Here in the United States, the history of exclusive rights for inventive products and processes go back to colonial America, well before the U.S. Constitution included a patent and copyright clause. An issue of the Cambridge Sentinel published September 26th, 1942, discusses the first record of a patent issued in 1641 by Massachusetts general court to a Samuel Winslow for a method of making salt. That patent was issued under order of the British government, but the United States was crafting patent laws during the earliest days of the country’s existence. Even if the study’s authors are technically correct that “most” nations didn’t adopt patent laws until after industrialization, the case can certainly be made that the United States, a model of industrialization through the mid-20th century, was able to become an industrial nation because it enabled inventors to hold patent rights. So on this point, the study fumbles at least somewhat.

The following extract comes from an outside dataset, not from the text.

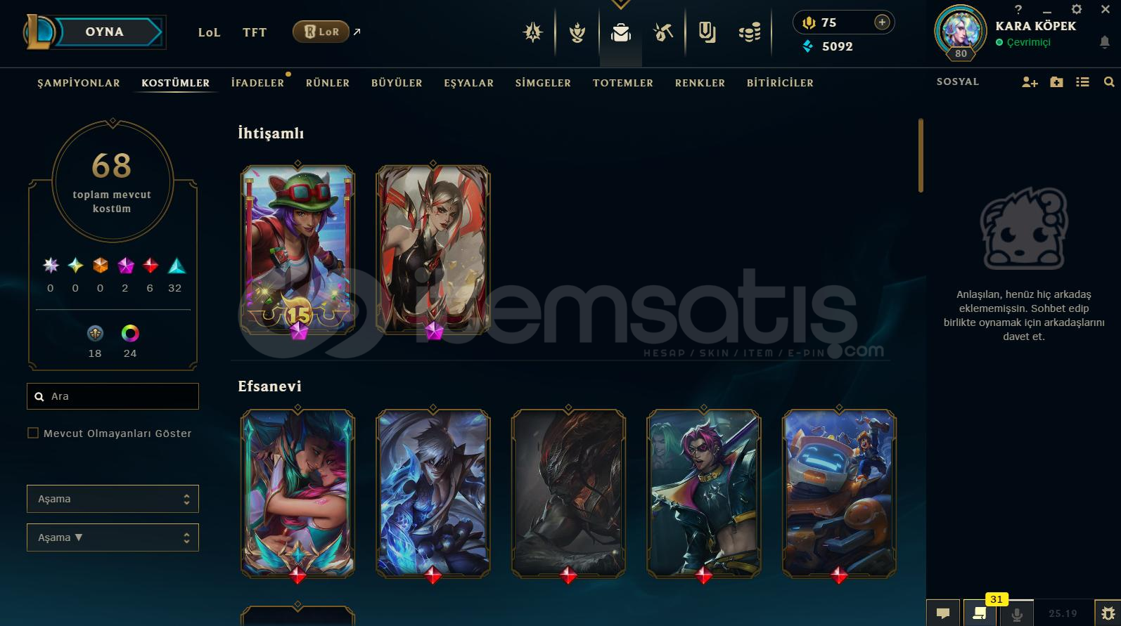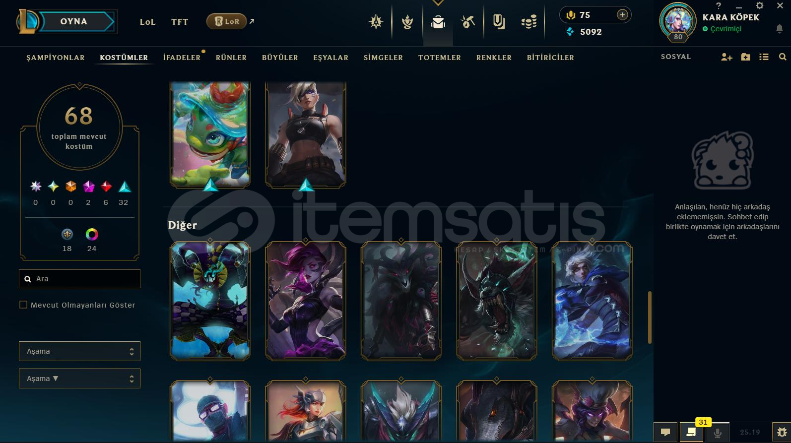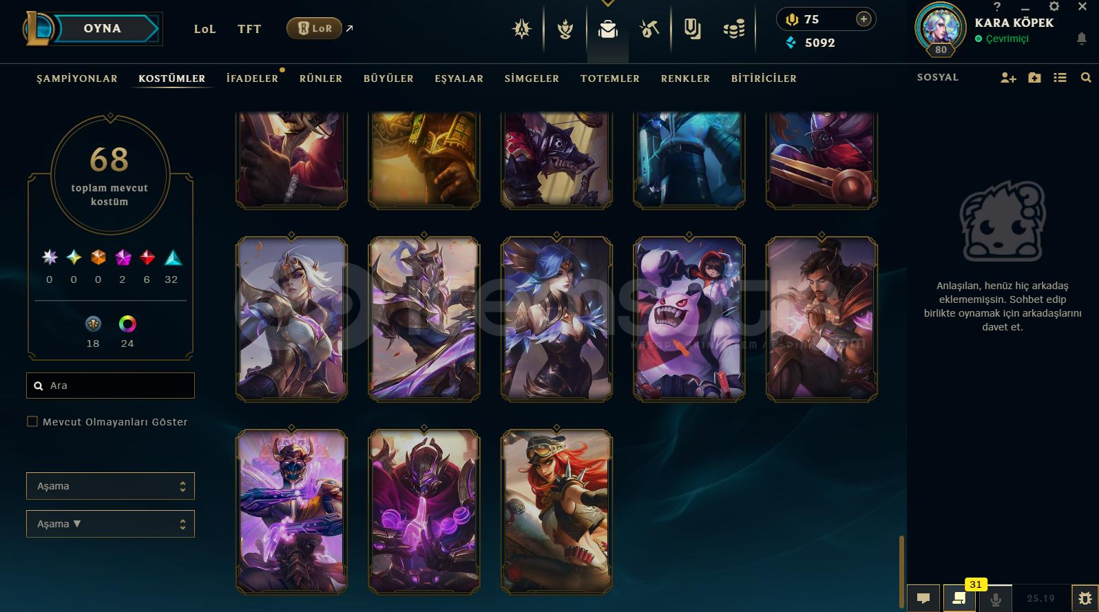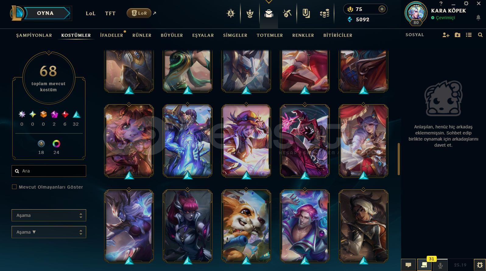 Hesap Hakkında Detaylı Bilgiler:⭐️ Rank Platin ⭐️ Toplam 68 Kostüm Vardır⭐️ +100 Açık Şampiyon Vardır⭐️ Mail Değişiyor⭐️ TR Kurulumludur⭐️ 80 LeveLdir⭐️ 5092 Mavi Öz 75 RP Mevcuttur⭐️ Esneği Golddur⭐️ İsim Değiştirme Hakkı VardırBe...

Furthermore, there is a wildly inaccurate notion put forth by some elites who do not particularly like patents that patents played no role in the economic and technological advances the world saw during the Industrial Revolution. If that were true it would be some evidence that patents are not necessary, but the truth is quite different. Indeed, according to Dr. Mariano Zukerfeld, “patenting trends in England skyrocketed toward the end of the 18th century.”Patent grants in England started to significantly increase beginning in 1757 and continued to increase throughout the Industrial Revolution. Zukerfeld also concludes that “the English patent system contributed to the industrial revolution by a curious and unintended balance: it encouraged dreams of individual enrichment that were not going to be realized for the vast majority of the inventors.” Therefore, patents worked as they were designed — as an incentive to innovate. Patents during the Industrial Revolution fostered innovative activity by creating economic, social and technological development. Thus, it is pure fiction to suggest that patent laws are adopted only after economic, social and technological development has been achieved.
Elsewhere, there seems to be a more complex understanding of how patents and intellectual property rights affect essential medicines. A study published in November 2012 in the peer-reviewed scientific journal PLOS ONE was conducted to look at the effect on intellectual property rights on the treatment of non-communicable diseases (NCDs), which WHO estimates results in 36 million deaths per year. The study concluded that further efforts were needed to provide a more sophisticated analysis of barriers to generic availability and affordability. “We find that ensuring availability and affordability of generic formulations of NCD MLEM medicines appears to be more complex than the presence of [intellectual property rights] with [active pharmaceutical ingredient], dosage or administration patent or exclusivity protection,” the study reads.